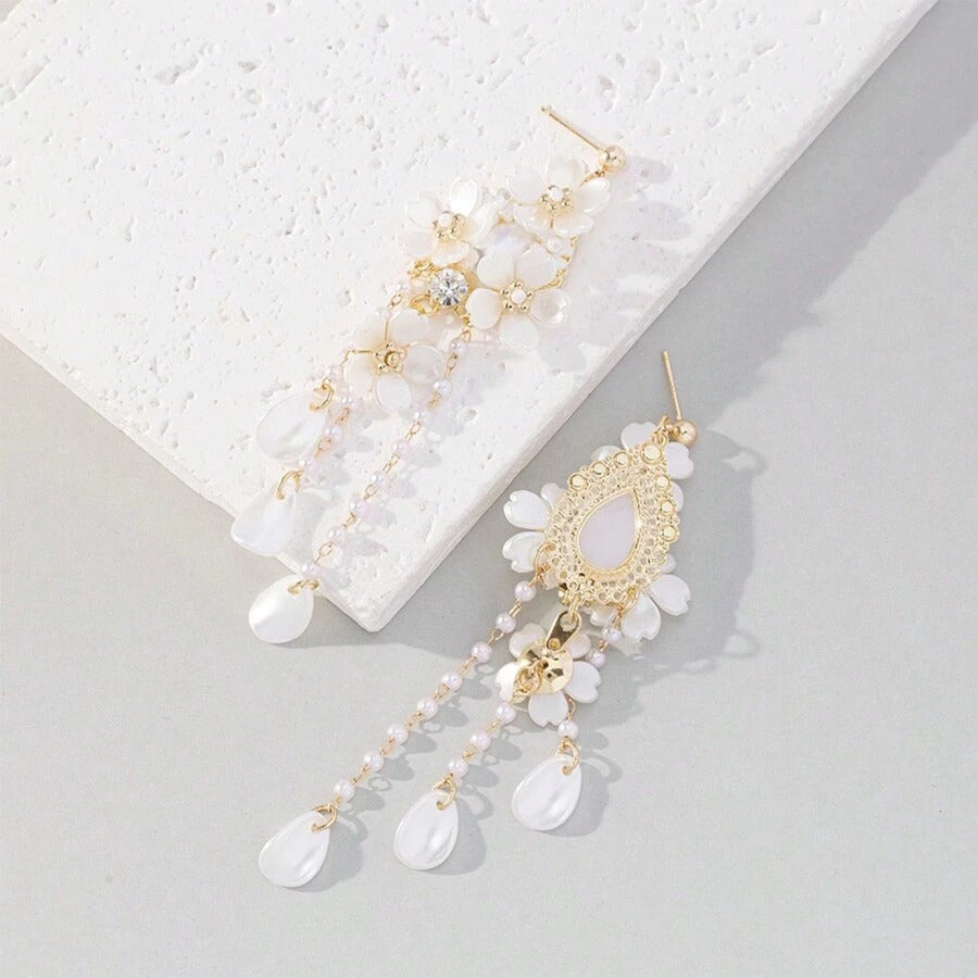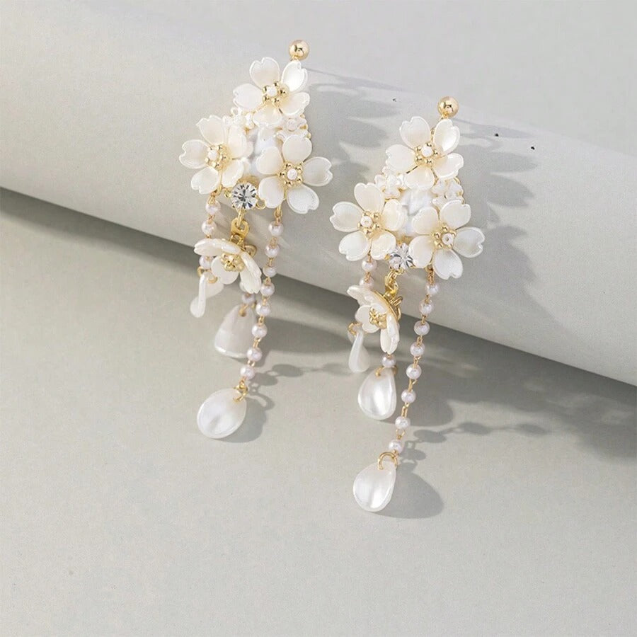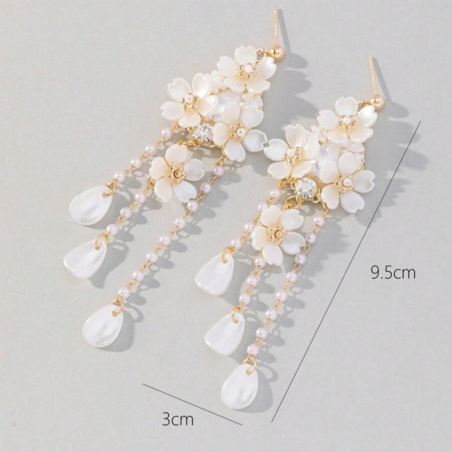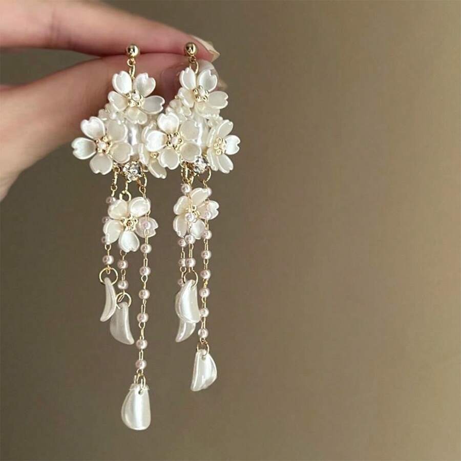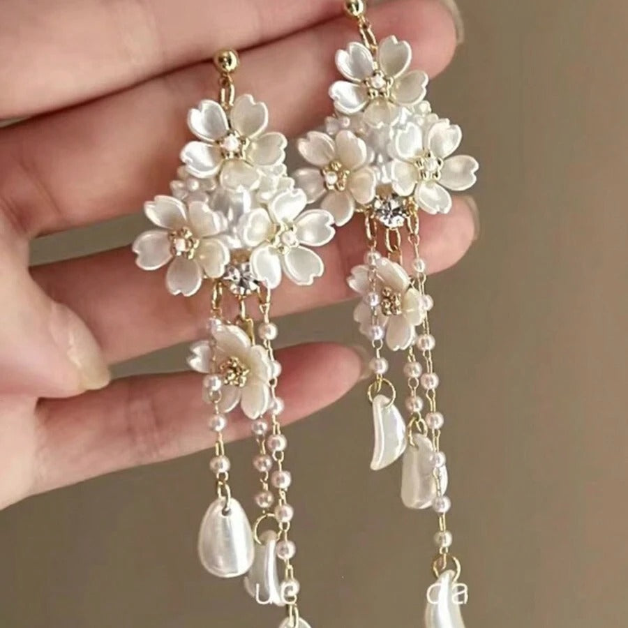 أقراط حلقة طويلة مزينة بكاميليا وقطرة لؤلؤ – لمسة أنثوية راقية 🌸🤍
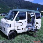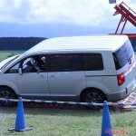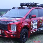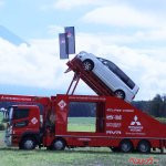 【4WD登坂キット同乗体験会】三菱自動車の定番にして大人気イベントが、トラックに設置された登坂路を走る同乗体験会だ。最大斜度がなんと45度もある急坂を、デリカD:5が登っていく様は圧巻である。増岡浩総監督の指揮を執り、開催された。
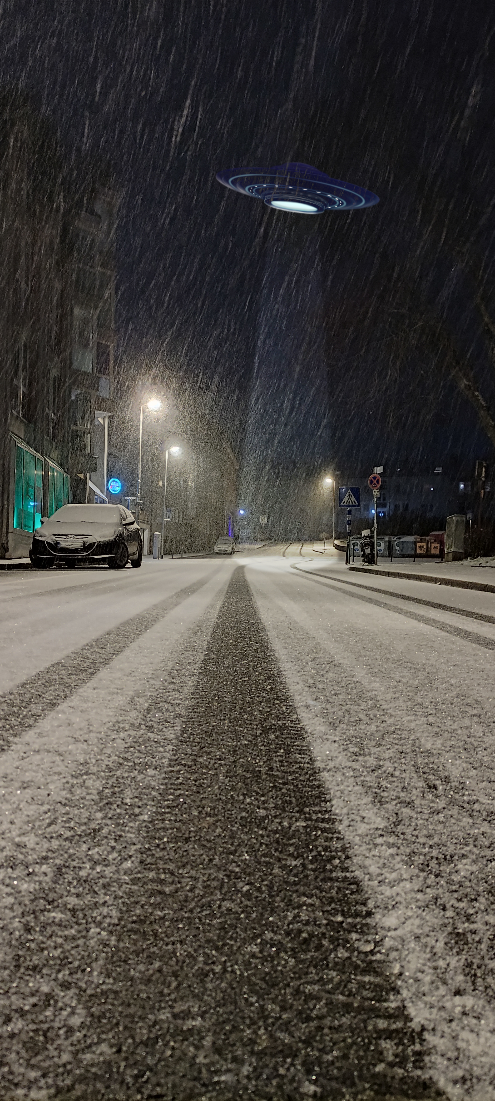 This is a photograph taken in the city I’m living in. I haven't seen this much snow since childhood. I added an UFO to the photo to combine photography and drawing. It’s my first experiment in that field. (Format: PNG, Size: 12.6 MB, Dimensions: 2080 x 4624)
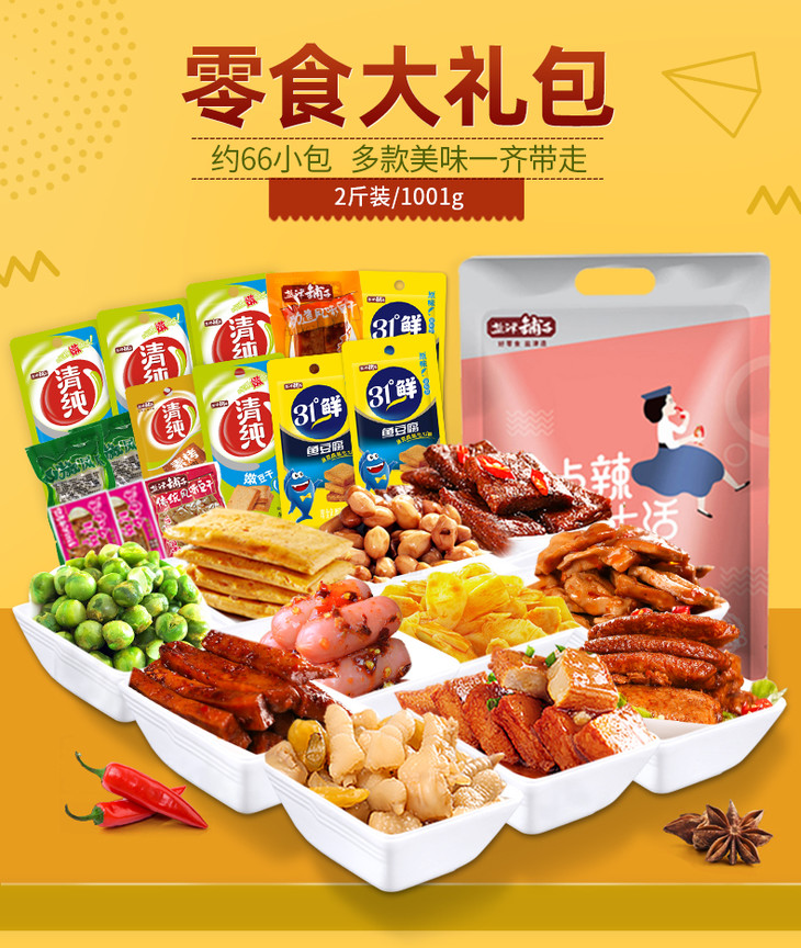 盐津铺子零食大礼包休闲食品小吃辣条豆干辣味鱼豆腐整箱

#####

**Action item:** Leave out the pictures. Transcribe the rest of the listing above exactly.

**Output below:**
 أقراط حلقة طويلة مزينة بكاميليا وقطرة لؤلؤ – لمسة أنثوية راقية 🌸🤍
 【4WD登坂キット同乗体験会】三菱自動車の定番にして大人気イベントが、トラックに設置された登坂路を走る同乗体験会だ。最大斜度がなんと45度もある急坂を、デリカD:5が登っていく様は圧巻である。増岡浩総監督の指揮を執り、開催された。
 This is a photograph taken in the city I’m living in. I haven't seen this much snow since childhood. I added an UFO to the photo to combine photography and drawing. It’s my first experiment in that field. (Format: PNG, Size: 12.6 MB, Dimensions: 2080 x 4624)
 盐津铺子零食大礼包休闲食品小吃辣条豆干辣味鱼豆腐整箱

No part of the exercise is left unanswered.